The present invention relates generally to a method of joining ceramic to metal and specifically to a method of creating a ceramic-metal interface that allows torsion loads to be transmitted between a ceramic member and a metal member. The invention also relates to turbomachinery including metal and ceramic rotating components that are joined together.
One of the more difficult problems of joining ceramic to metal is overcoming the large difference in thermal expansion between the metal and the ceramic. In particular, a ceramic such as silicon nitride has a low thermal expansion as compared to a steel or nickel alloy.
Interlayer materials including tungsten alloys have been used to overcome the difference in thermal expansion. The interlayer materials reduce residual stresses produced by the large, differences in thermal shrinkage upon cooling after brazing.

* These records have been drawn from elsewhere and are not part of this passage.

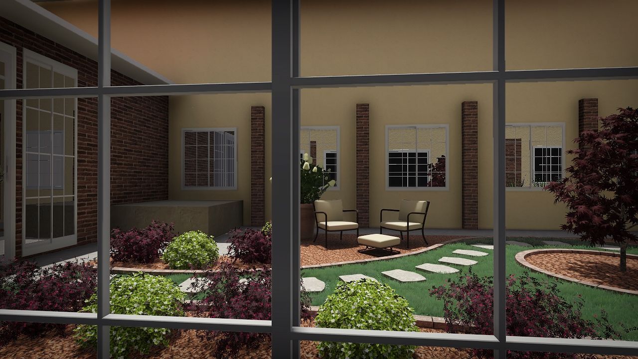 Studio di arredo verde di un cavedio a cielo aperto
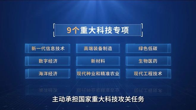 加大关键核心技术攻关力度,启动9个重大科技专项。主动承担国家重大科技攻关任务,部省市联动实施国家重点专项。引导创新企业建设企业技术中心、工程技术研究中心、新型研发机构,构建多层次技术创新平台体系,支撑区域产业创新发展。战略性、关键性重大科技成果不断涌现。
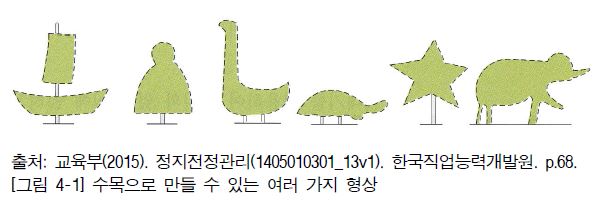 형상수의 형태 및 역할을 고려하여 상록침엽수와 낙엽활엽수의 적용가능성을 이해하고, 전정을 통해 형상수를 형성할 때 잔가지와 맹아의 발생이 형상수 수형에 미치는 영향을 파악한다.
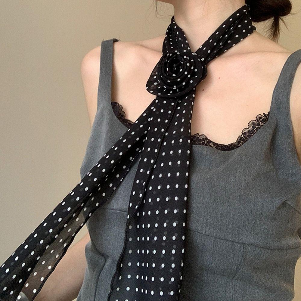 Wrap Long Silk Scarf Cravat Collar Flower Decoration Elegant Polka Dot Scarves Women
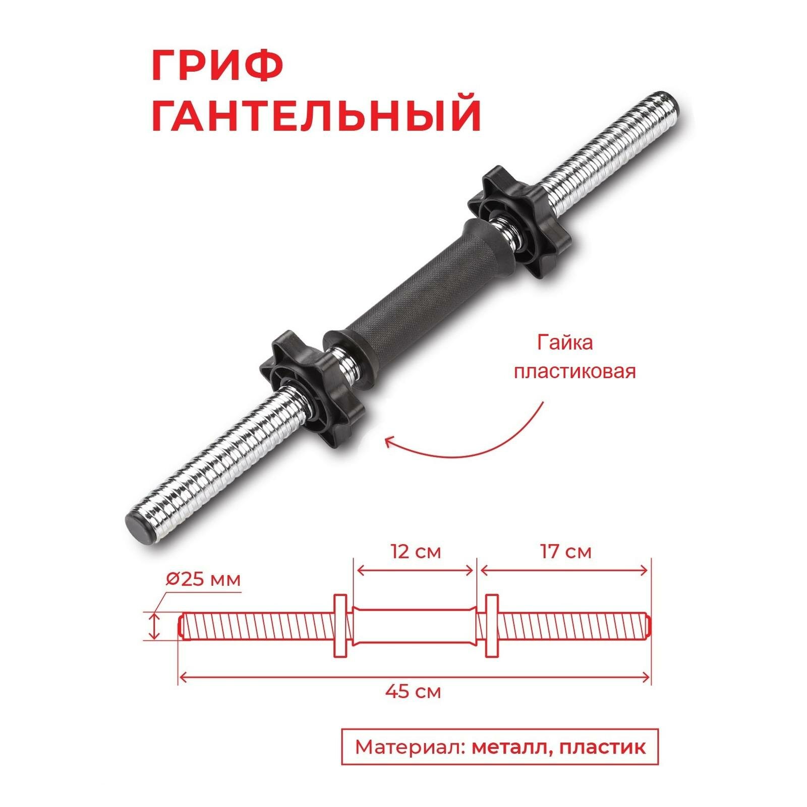 Гриф гантельный (пластиковая гайка) 25 мм INDIGO IN127 Черный 450 мм информация:
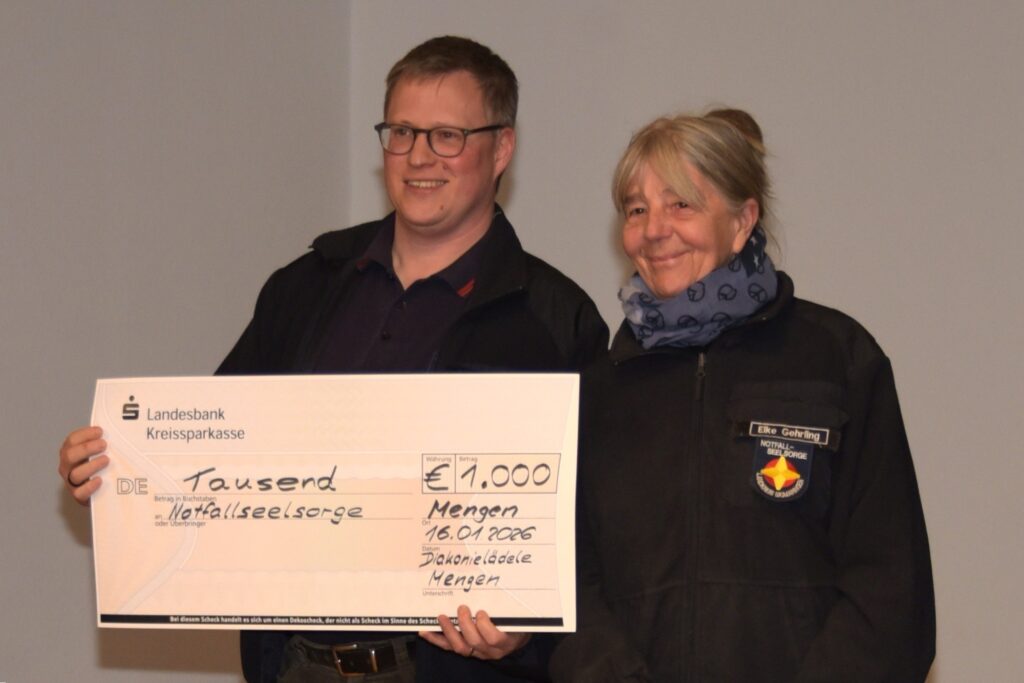 Schon seit mehreren Jahren unterstützt das Diakonielädele Mengen regelmäßig die Notfallseelsorge im Landkreis Sigmaringen. Bei der Spendenübergabe am 16.01.2026 wurde die Notfallseelsorge Sigmaringen mit einer Spende in Höhe von 1.000 Euro bedacht. Die Spende kommt der Arbeit der Notfallseelsorge zugute, die Menschen in akuten Krisen- und Notsituationen begleitet und ihnen … - SbE Übungstag
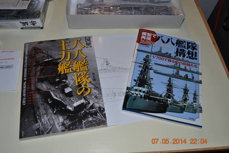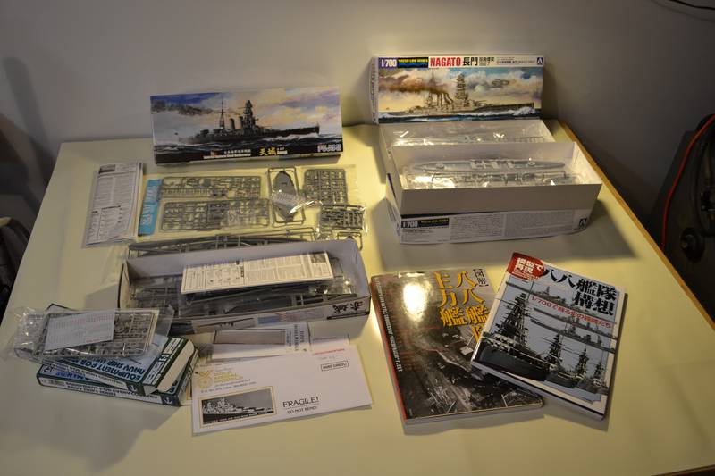 Greetings! This is my first campaign, and I'm getting a late start! The first pic is of a couple of references, both obtained from HLJ. 'Battleships and Battlecruisers of the "Hachi-Hachi" Fleet',and 'The "Hachi-Hachi" Fleet Plan- Reconstructing Japanese Superdreadnaughts Between the Wars" are both Japanese-language publications, IMHO well worth the price due to the excellent photos, tabulated data, and line drawings in the former, and the pics of a wide range of 1/700 builds in the latter. I son't know exactly where this is taking me, but the next pic shows the kits I'll throw into the build- a pair of Fujimi Amagi's and a pair of Aoshima 1927 Nagatos. This sacrifice, no doubt, will spur the Waterline Deities and Murphy to release one or more 8-8 fleet subjects before I finish...
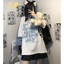 京凌 2021夏季新品学生日系vintage短袖t恤女夏季韩版宽松ins潮牌甜酷少女大印花清爽上衣 白色 L
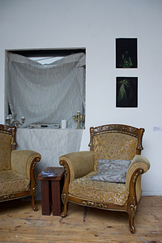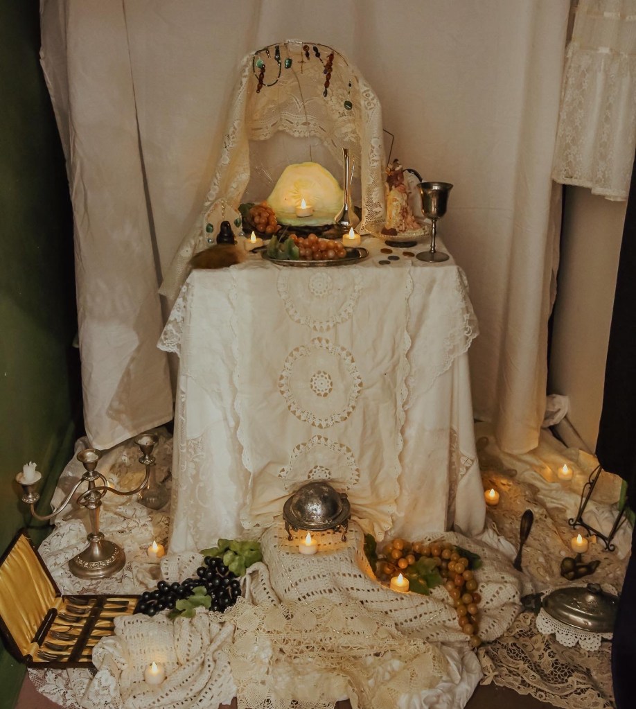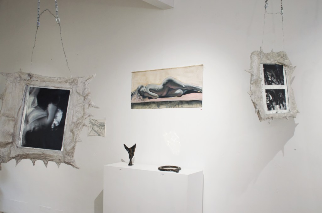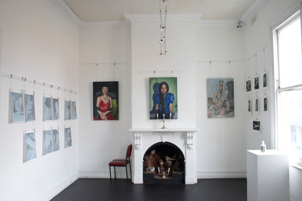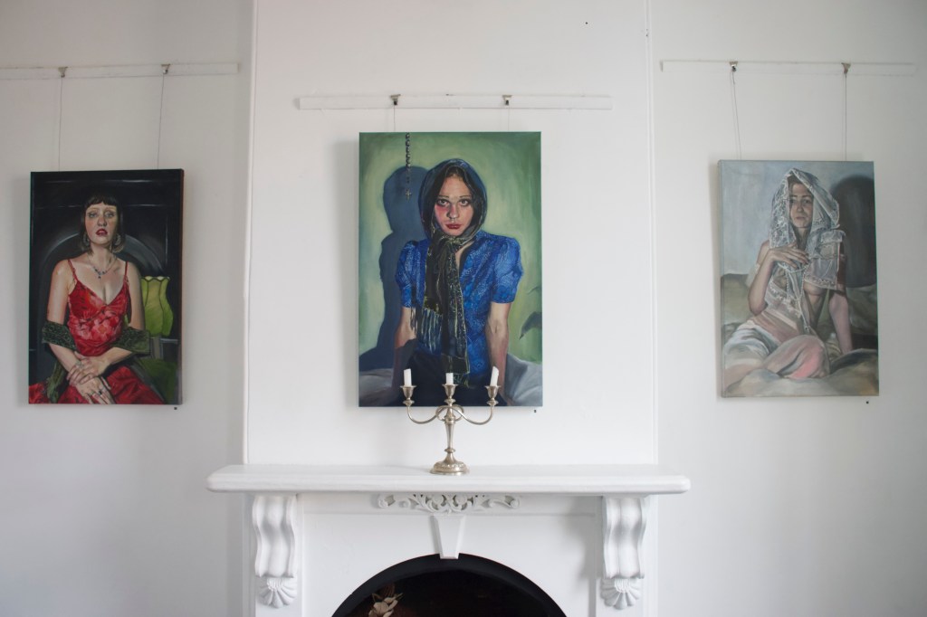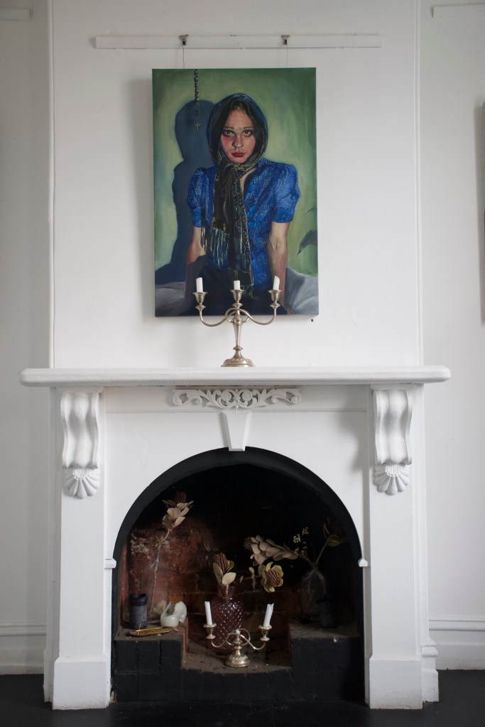Gabriella’s solo paintings and sculpture explore a reconnection to religious frameworks in adult life, through experiences of grief. Her focus on the symbolic and decorative highlights the beauty found in the Greek Orthodox tradition, while tainted with aesthetics of decay which further represent the underlying sociopolitical tensions.
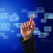 Biznesmen wciskający ikony wirtualnego komunikatora
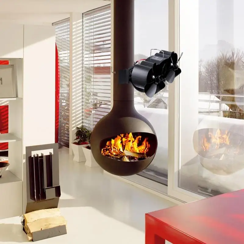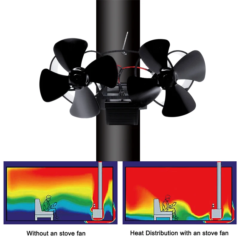Special Offer Ventilador de estufa montado en la pared de doble cabeza 8 aspas ventilador para hogar quemador de madera komin ventilador ecológico distribución eficiente del calor en el hogar Discount 40% Today!
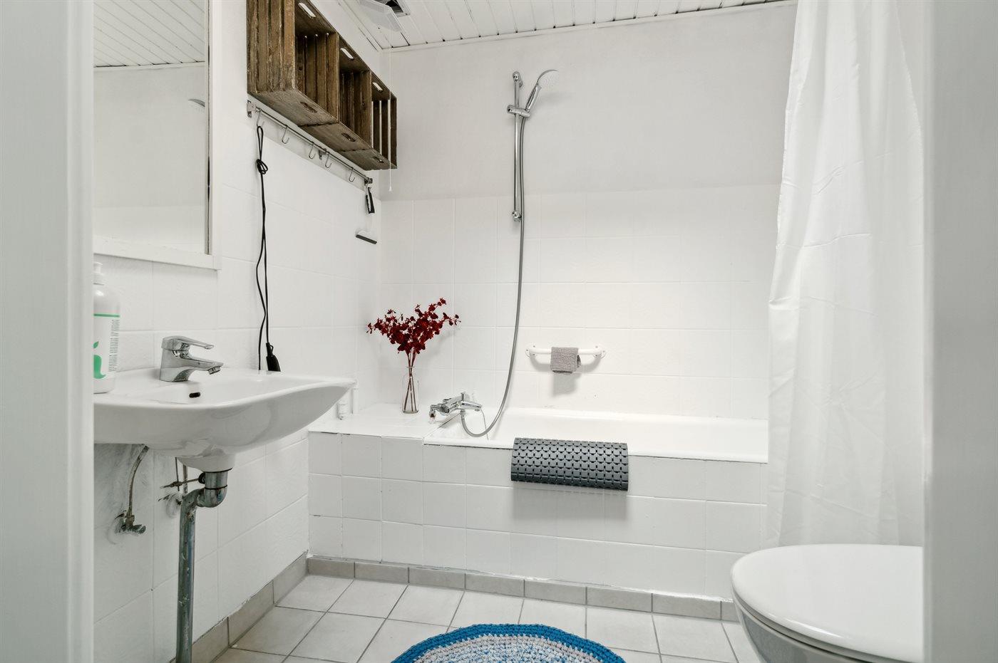Er is 1 badkamer met douche en 1 toilet.. Er is vloerverwarming in 1 badkamer.. Badkuip.
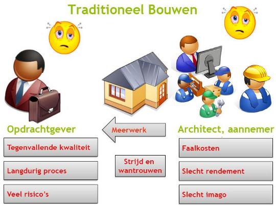 - er dient gebruik gemaakt te worden van dezelfde bouwpartners vanwege het wederzijds vertrouwen en de resultaatverantwoordelijkheid (resultaatverplichting ipv. prestatieverplichting)
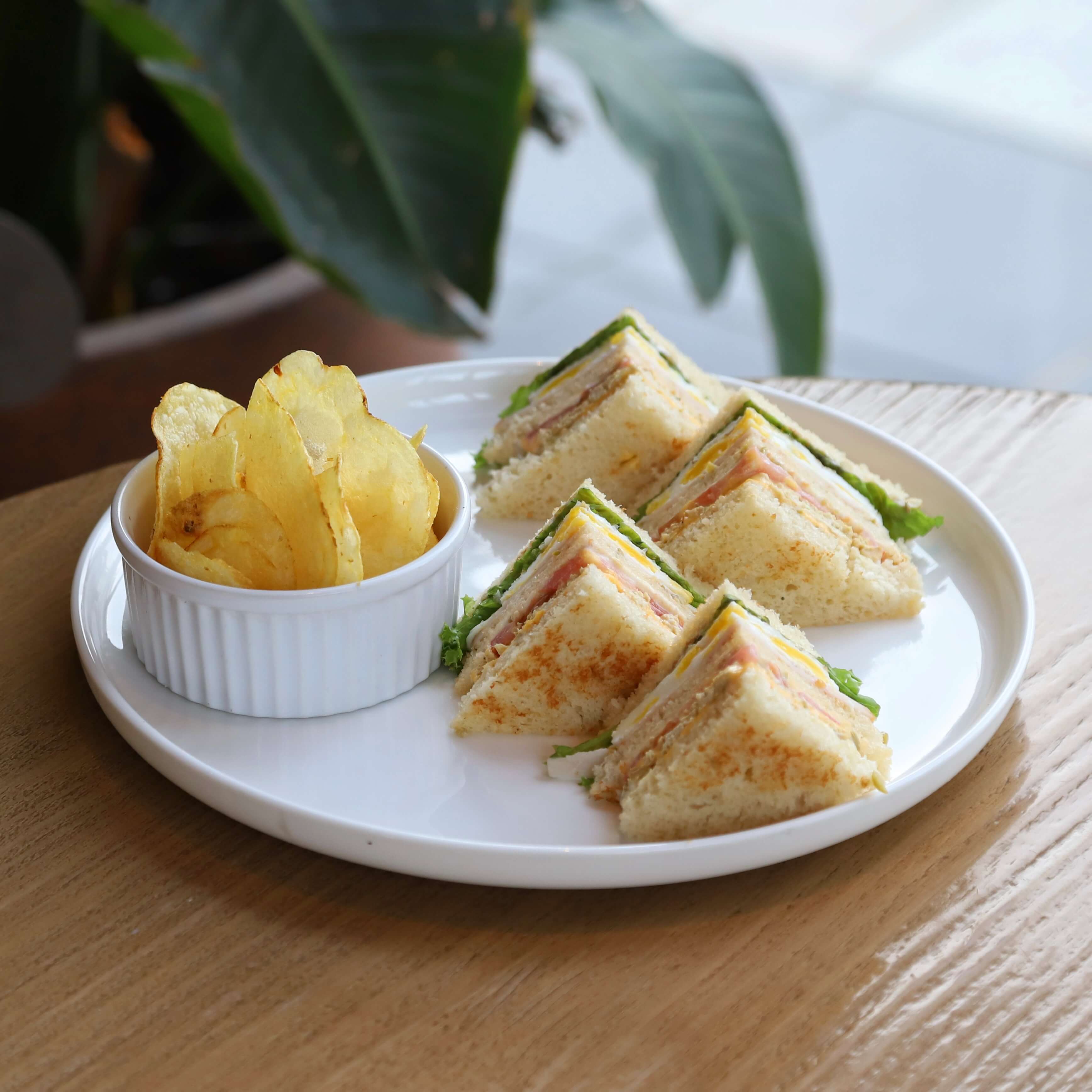 homemade bread layer, with grilled chicken, egg slices, smoke turkey, fresh tomato, crispy lettuce ,and melted cheese. served with golden chips on the side.
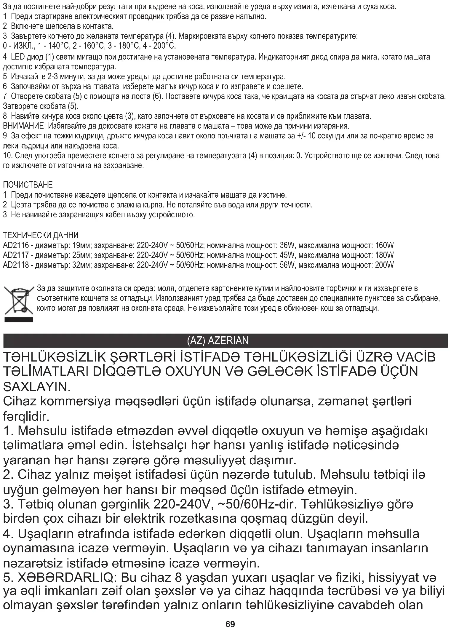 AD 2118 - Saç buran ADLER - Pulsuz istifadəçi təlimatı
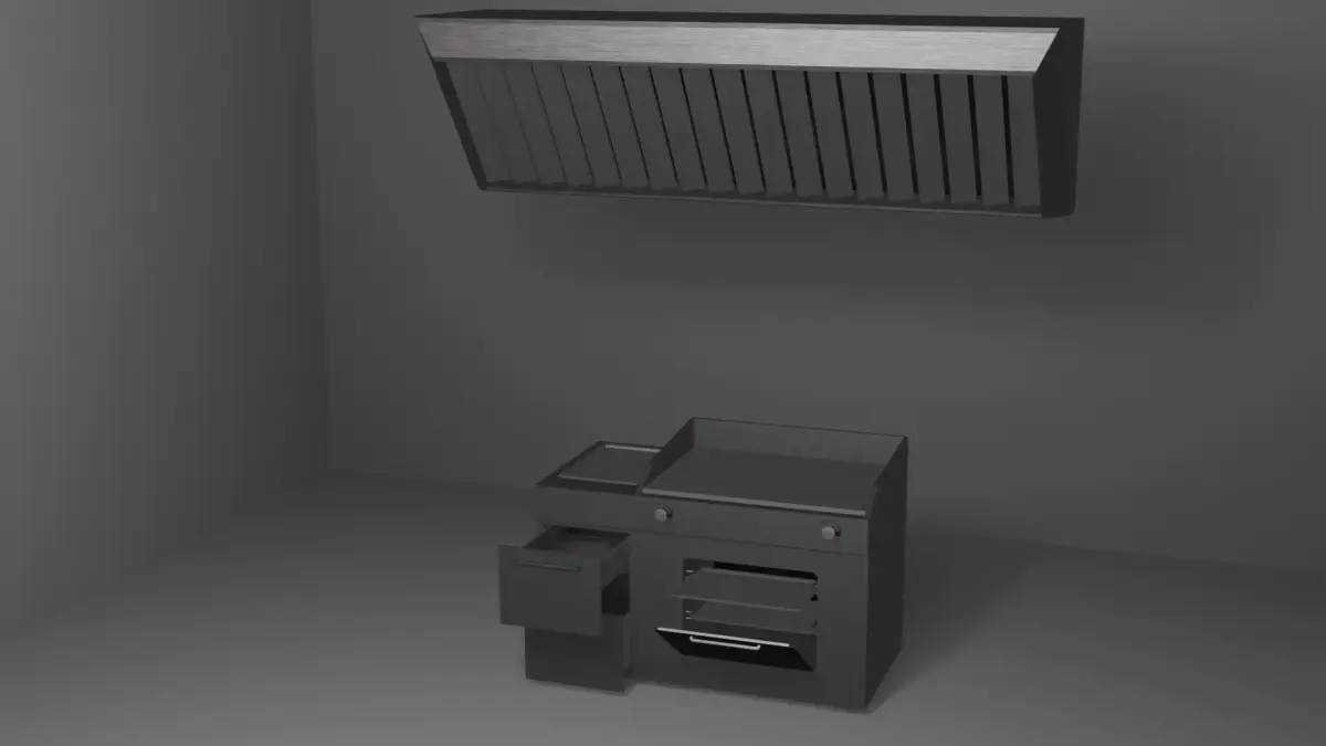 The model features an opening oven door with two rows of tray holders and baking trays inside. It also includes two functional drawers with handles, control knob elements, and a kitchen hood above the grill.
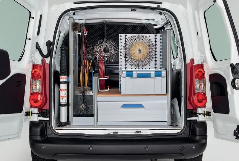 Rußfreier Schornsteinfeger Der Citroën Berlingo Electric mit Schornsteinfeger-Kompletteinrichtung von Sortimo ist lautlos, schadstofffrei und damit umweltfreundlich unterwegs. Die Reichweite des rein elektrisch angetriebenen Branchenmodells mit 49 kW (67 PS) beträgt bis zu 170 Kilometer. Das reicht, um innerhalb des Bezirkes stets mobil zu sein.

In an automotive turbocharger including a ceramic turbine wheel that is brazed to a metal shaft, a metal sleeve is used to cover the braze joint. The metal sleeve is typically made of a special low thermal expansion metal alloy that avoids the introduction of unwanted residual stresses in the ceramic. The metal sleeve protects the braze joint from high temperatures, and it protects the braze joint from cracking under high bending and twisting loads. The metal sleeve also provides a sealing surface. (A ceramic shaft of the turbine wheel extends from a hot side of the turbocharger, through a seal, to a cooled side. However, it is undesirable to form a seal on a brittle ceramic shaft.) Additionally, the metal sleeve itself can provide additional bonding, as is the case where the ceramic shaft is press-fitted into the metal sleeve.
However, special metal alloys used for the metal sleeve are expensive and they are not readily available. Furthermore, precision machining of the ceramic and metal mating surfaces is performed to avoid the introduction of unwanted stresses and, in the case of press-fitting, to ensure that the mating surfaces remain in contact throughout the operating temperature range of the machine. The sleeve also makes a post-brazing inspection of the braze joint difficult to perform. These problems are especially important to mass production items such as automotive turbochargers.
Furthermore, brazing is often performed in two steps when a metal sleeve is involved. The addition of a second step adds to the cost and complexity of joining the metal to the ceramic.
Even when a metal sleeve is not involved, some brazing operations are performed in two steps. The metal is brazed separately from the ceramic to prevent a migration of braze material between layers that might otherwise occur during brazing of multiple materials. The migration could cause a change in composition and properties of the braze and thereby have a deleterious affect on strength of the joint.
There is a need to join metal to ceramic in a single brazing step. In applications involving the transmission of large torsion loads, there is also a needed to create a high strength, sleeveless braze joint.